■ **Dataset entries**

BEGIN

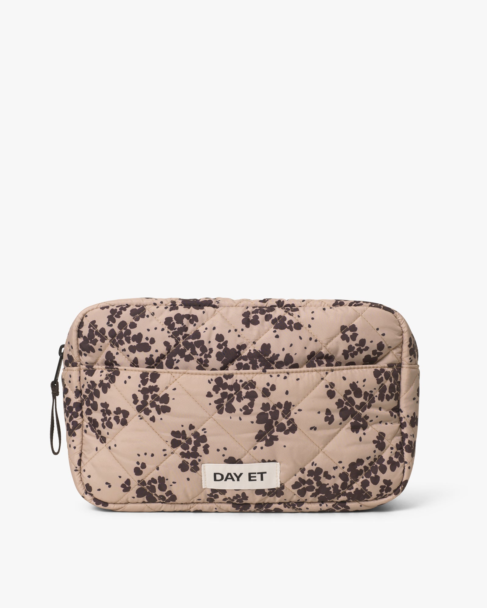 A roomy wash bag in a quilted design with a floral print. It features multiple inner pockets and an outer pocket for easy organisation of your toiletries. The outer fabric and lining are made from 100% certified recycled materials.
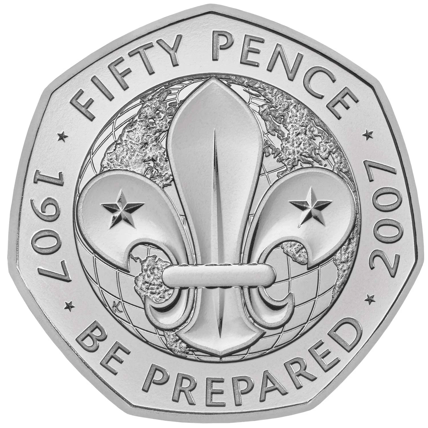 Scouting fleur-de-lis between dates, denomination above, legend below.
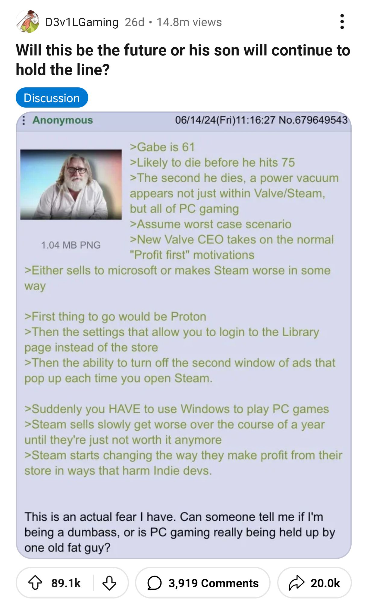 他去世的那一刻,不仅是在Valve/Steam内部,整个PC游戏界都会出现权力真空
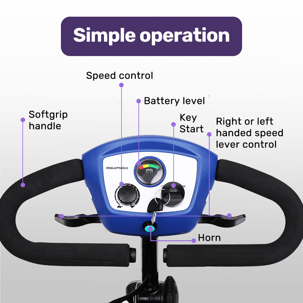 The Equipmed mobility scooter can be transported in the boot of a car with the folding handles and easy removal of the seat. The battery is also detachable for an easier to manage weight.
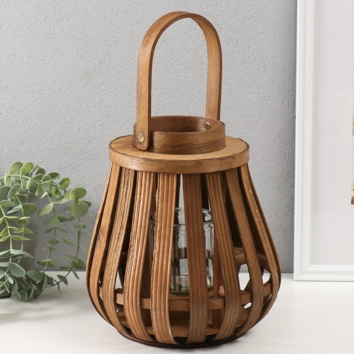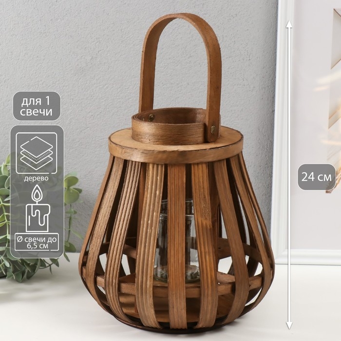 Подсвечник дерево на 1 свечу "Эко-фонарь" коричневый 10х22х24 см
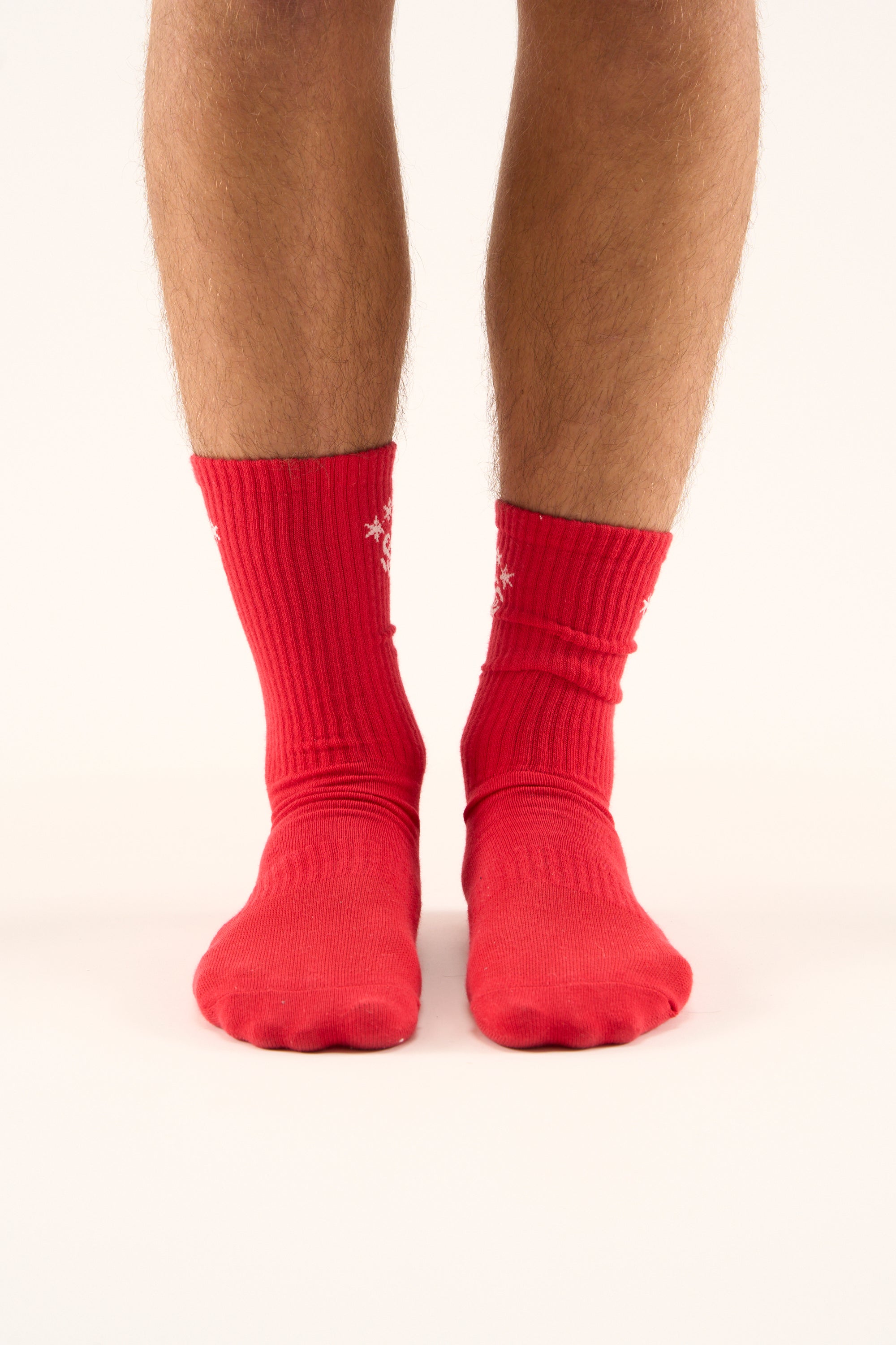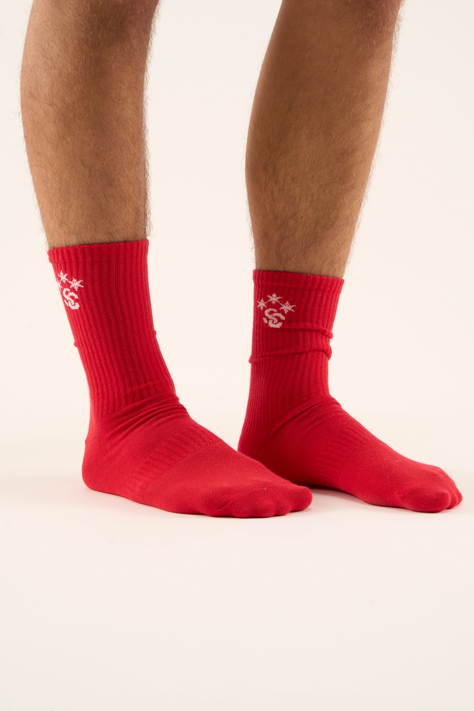 Red Crew Socks made from a soft cotton blend with ribbed cuffs for a secure fit. Features contrast white Scuffers logo and star motif on outer side. Midweight construction suitable for everyday wear.

END

■ **WHAT THE TASK REQUIRES**
Copy exactly the lines that begin at the one containing "他去世的那一刻,不仅是在Va" and end at the last line of the records, both included, omitting the pictures.

■ **RESULT**
 他去世的那一刻,不仅是在Valve/Steam内部,整个PC游戏界都会出现权力真空
 The Equipmed mobility scooter can be transported in the boot of a car with the folding handles and easy removal of the seat. The battery is also detachable for an easier to manage weight.
 Подсвечник дерево на 1 свечу "Эко-фонарь" коричневый 10х22х24 см
 Red Crew Socks made from a soft cotton blend with ribbed cuffs for a secure fit. Features contrast white Scuffers logo and star motif on outer side. Midweight construction suitable for everyday wear.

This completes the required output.